Thanks, all, for your tips. It appears to be almost certainly a cuda
problem. As cuda test, I simply used namd (specifically
NAMD_CVS-2013-07-06_Linux-x86_64-multicore-CUDA/namd2; which worked
before my upgrade to Ubuntu 13.10.) Sourceforge has a utility
"cuda-memtest", which, however, encountered fatal errors on compilation
(function parameter count mismatch. I'll deal with that later. Do any
of you have suggestions as to alternative cuda-tests?)

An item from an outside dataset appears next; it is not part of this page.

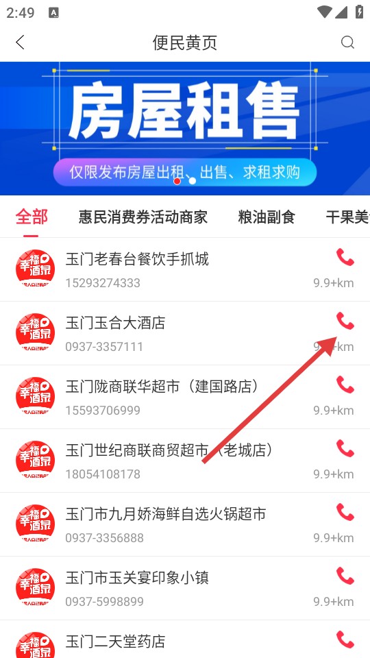 3、进入便民黄页的房屋租售板块,可选择目标商家查看。

A couple OpenGL programs seem to work fine on my machine.

The output from `ldd`with vmd (the vmd_LINUXAMD64 binary) is also copied
below; there were no indications of missing libs, and several of
obvious, satisfied references to relevant cuda and GL libs. Do either of
you see anything pathological in that output?

Worst of all is the result of running namd (also copied below). After
the "CharmLB>" message, nothing more was output (after running
overnight), but with all 4 cpus running continuously at 100%! `ps -ef |
grep namd` shows one process for charmrun and four for
NAMD_CVS-2013-07-06_Linux-x86_64-multicore-CUDA/namd2.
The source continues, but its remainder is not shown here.